The CHANCELLOR of the EXCHEQUER said, that the subject had occupied much of his attention, and on Monday next he meant to move that the House resolve itself into a Committee of the whole House, to take into consideration a proposition for enabling his Majesty to issue Exchequer Bills to a limited extent, for the purpose of supplying loans on proper securities, to give encouragement for the employment of the poor. These loans would be advanced to corporations, to parishes, or to associations of individuals who might be desirous to employ, in any public work, the poor in their neighbourhood, upon their giving security to the commissioners at whose disposal, or under whose management, the issue of bills should be placed, that they would be repaid. Security might in parishes be given on the poor. rate. Bills to the amount of between one and two millions would be sufficient to give the relief contemplated, and answer all the purposes of such a loan. He believed such a measure would not in any material degree affect the money market, which could afford, all the issue without great deterioration. The Right Hon.

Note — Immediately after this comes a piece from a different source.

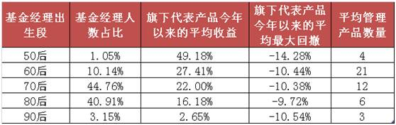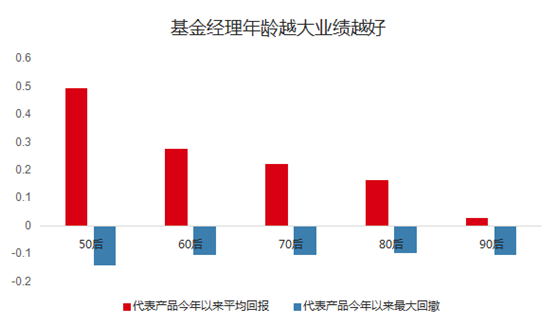 而从投资回报来看,年龄越大的基金经理今年平均业绩越好。50后的代表产品平均业绩高达49.18%;而90后表现最差,平均为2.65%。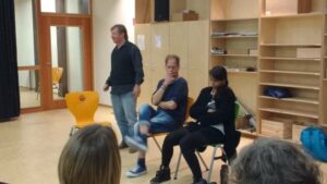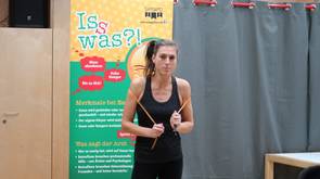 In einem nächsten Abschnitt wurde theaterpädagogisch gearbeitet. Carsten und Emma spielten zunächst eine mögliche Szene aus einer Familie vor. Emma als Tochter „Conny“ kommt von der Schule nach Hause und der Vater (Carsten) bemerkt, dass seine 13-jährige Tochter nach Zigarettenrauch riecht. Als er sie darauf anspricht, ignoriert sie dies zunächst, weicht seinen Fragen aus und entzieht sich der Auseinandersetzung. Herr Butsch forderte nun die Teilnehmer auf, sich im Partner- und Gruppengespräch alternative Handlungsmöglichkeiten für die Eltern zu überlegen. Im Plenum wurden verschiedene Möglichkeiten vorgestellt und diskutiert und eine mutige Mutter und eine mutige Lehrerin schlüpften nacheinander in die Rolle von Connys Mama und spielten ihre persönlichen Lösungsmöglichkeiten mit der „Tochter“ durch. Schnell zeigte sich, dass Kinder oft unerwartet handeln und sensibles Vorgehen gefragt ist. Die beiden kurzfristig zu Schauspielern ernannten Erwachsenen hielten sich dabei jedoch wacker und ließen sich nicht beirren, auch wenn so manche Reaktion der „Tochter“ (wieder einmal beeindruckend spontan und authentisch gespielt von Emma) für allgemeine Erheiterung sorgte.

Gentleman concluded by giving notice, by command of the Prince Regent, that he would on Monday move that the House resolve itself into a Committee of the whole House, to consider the propriety of issuing Exchequer Bills to a limited extent, to afford loans, upon security to be given, for the local and temporary relief of the poor, by encouraging works for the employment of their industry.

The Hon. W. LAMBE said, there was one point of view in which the measure intended to be proposed deserved the most serious consideration; and that was, whether it was to be considered as a means of temporary relief, or a substitute for all those other measures which were rendered neces sary for remedying the evils which had arisen out of the system under which we have been so long acting. In this sense, the proposed measure involved the consideration of a system which had been already productive of serious inconvenience, and threatened farther evils. He hoped, therefore, this plan of the Right Hon. Gentleman was not the only one. He did not deny the propriety of this step, but he would protest against any reliance on its sufficiency. The subject

was now pressed upon us by necessity: we saw the calamity under which the country laboured; we should not rest satisfied with palliatives, but should go at once to the root of the evil, and endeavour permanently to counteract its malignity.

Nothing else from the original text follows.